### Input data
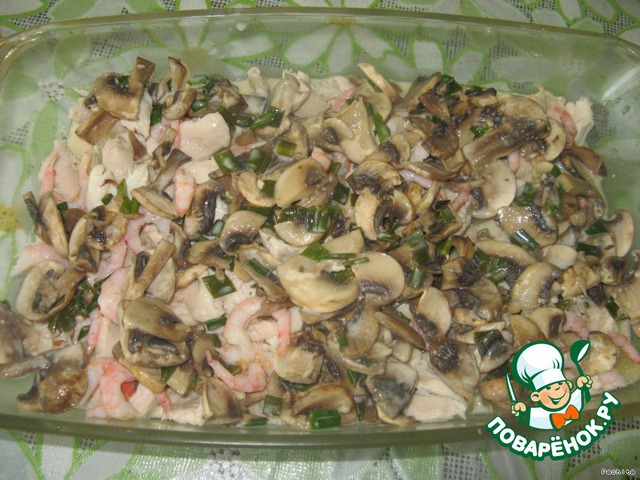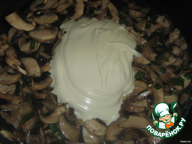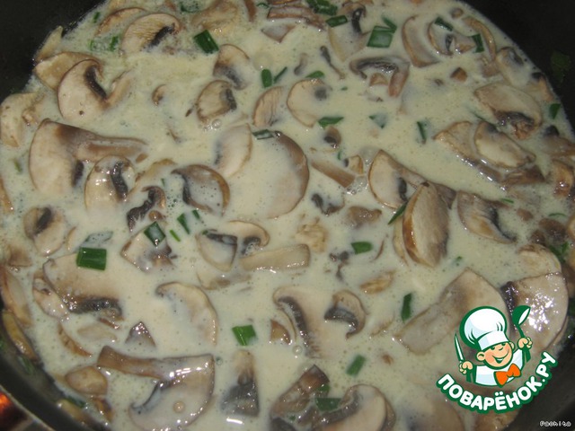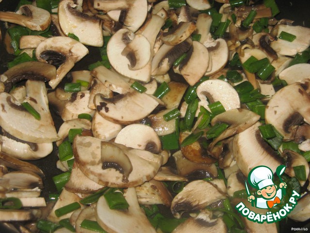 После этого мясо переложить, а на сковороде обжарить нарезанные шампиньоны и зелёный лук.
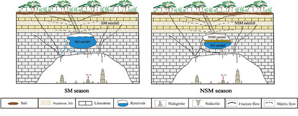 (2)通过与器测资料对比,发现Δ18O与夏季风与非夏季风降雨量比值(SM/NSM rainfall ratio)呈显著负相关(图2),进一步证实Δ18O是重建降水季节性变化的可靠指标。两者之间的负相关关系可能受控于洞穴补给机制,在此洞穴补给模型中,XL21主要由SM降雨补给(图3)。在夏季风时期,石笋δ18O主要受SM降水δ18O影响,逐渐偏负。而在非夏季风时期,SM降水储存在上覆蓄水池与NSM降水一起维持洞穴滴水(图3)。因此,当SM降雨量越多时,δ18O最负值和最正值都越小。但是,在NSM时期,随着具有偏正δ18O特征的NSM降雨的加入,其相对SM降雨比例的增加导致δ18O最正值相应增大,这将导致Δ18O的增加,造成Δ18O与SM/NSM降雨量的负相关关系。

* * *

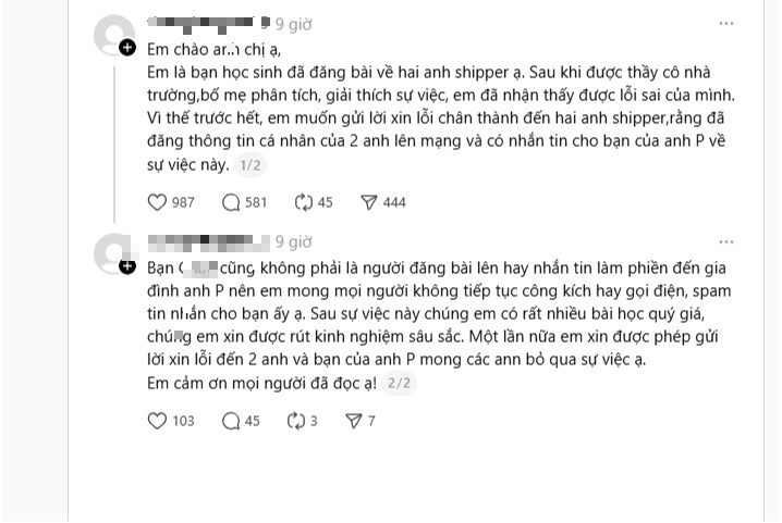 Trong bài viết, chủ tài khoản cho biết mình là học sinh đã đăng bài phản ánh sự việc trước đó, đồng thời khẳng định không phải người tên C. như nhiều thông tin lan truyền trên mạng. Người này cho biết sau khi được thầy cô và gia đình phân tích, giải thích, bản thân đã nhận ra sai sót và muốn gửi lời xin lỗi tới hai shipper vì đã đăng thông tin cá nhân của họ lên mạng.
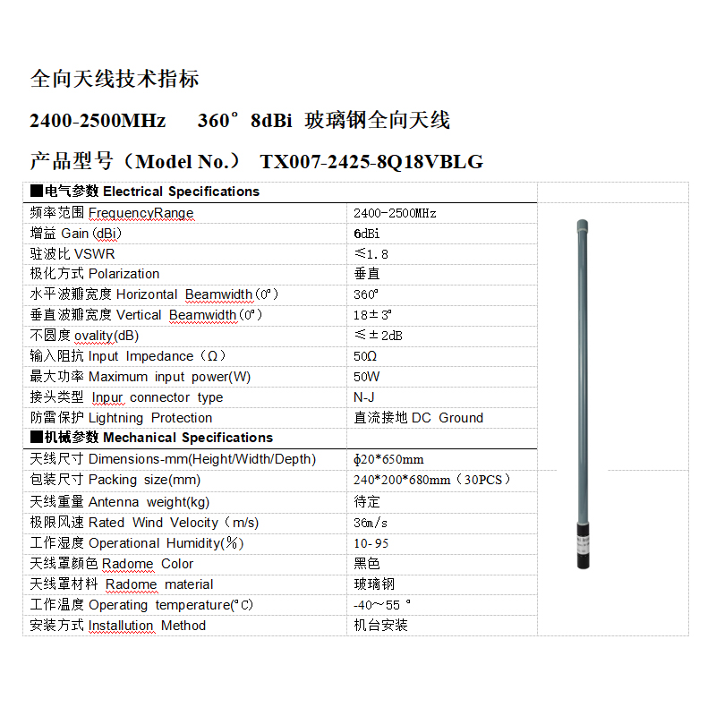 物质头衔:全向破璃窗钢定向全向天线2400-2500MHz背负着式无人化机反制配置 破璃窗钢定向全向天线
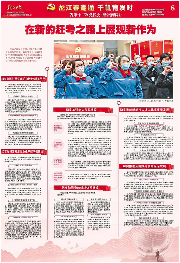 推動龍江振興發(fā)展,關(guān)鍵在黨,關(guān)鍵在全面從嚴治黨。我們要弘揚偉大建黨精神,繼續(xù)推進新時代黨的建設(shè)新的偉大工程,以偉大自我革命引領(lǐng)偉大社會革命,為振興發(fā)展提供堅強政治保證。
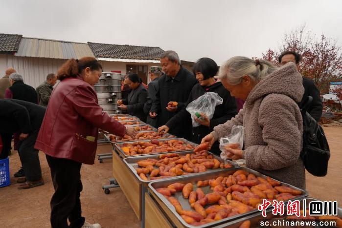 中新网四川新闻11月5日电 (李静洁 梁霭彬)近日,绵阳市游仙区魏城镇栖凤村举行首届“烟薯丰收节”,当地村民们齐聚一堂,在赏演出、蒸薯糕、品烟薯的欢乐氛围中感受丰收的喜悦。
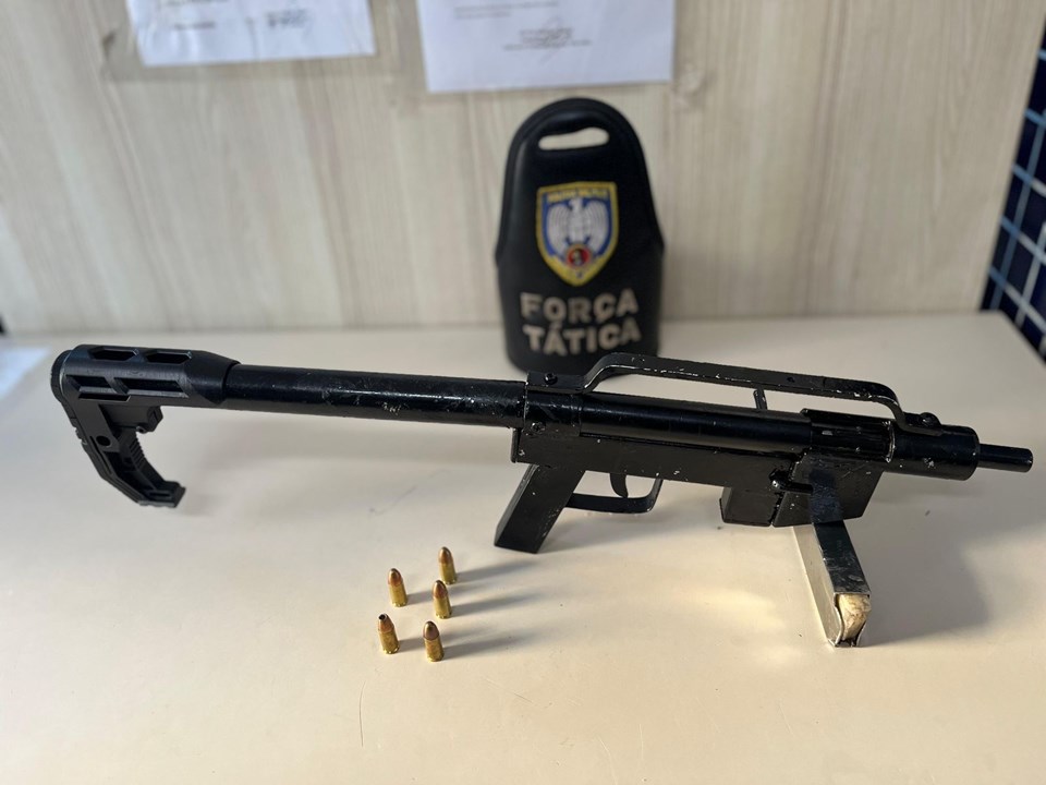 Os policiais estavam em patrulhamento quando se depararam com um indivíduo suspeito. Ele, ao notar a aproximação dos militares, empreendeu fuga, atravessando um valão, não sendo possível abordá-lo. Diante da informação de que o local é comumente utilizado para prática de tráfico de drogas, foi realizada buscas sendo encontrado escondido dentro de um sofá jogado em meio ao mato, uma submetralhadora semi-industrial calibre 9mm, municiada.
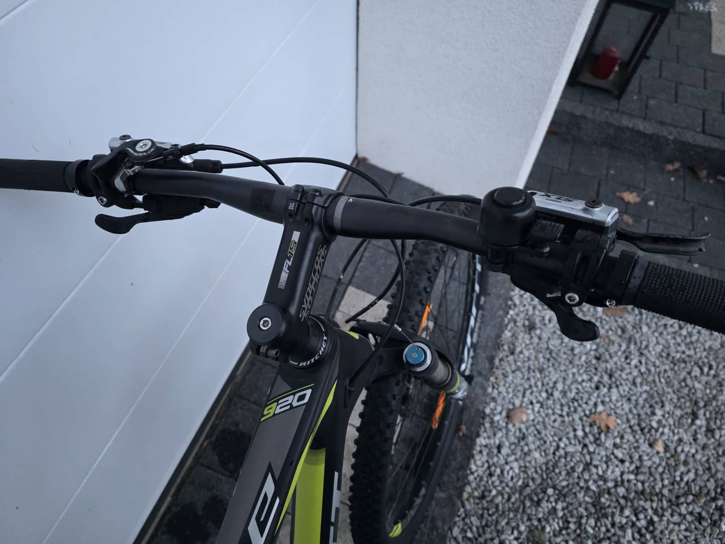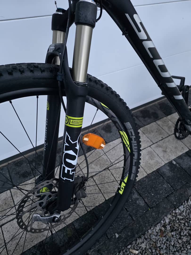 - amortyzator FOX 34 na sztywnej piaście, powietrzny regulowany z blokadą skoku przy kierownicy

### What the exercise asks
Within the listing above, the lines from the one with "Os policiais estavam" through the one with "- amortyzator FOX" are to be given again word for word. Do not include pictures.

### Response for this exercise
 Os policiais estavam em patrulhamento quando se depararam com um indivíduo suspeito. Ele, ao notar a aproximação dos militares, empreendeu fuga, atravessando um valão, não sendo possível abordá-lo. Diante da informação de que o local é comumente utilizado para prática de tráfico de drogas, foi realizada buscas sendo encontrado escondido dentro de um sofá jogado em meio ao mato, uma submetralhadora semi-industrial calibre 9mm, municiada.
 - amortyzator FOX 34 na sztywnej piaście, powietrzny regulowany z blokadą skoku przy kierownicy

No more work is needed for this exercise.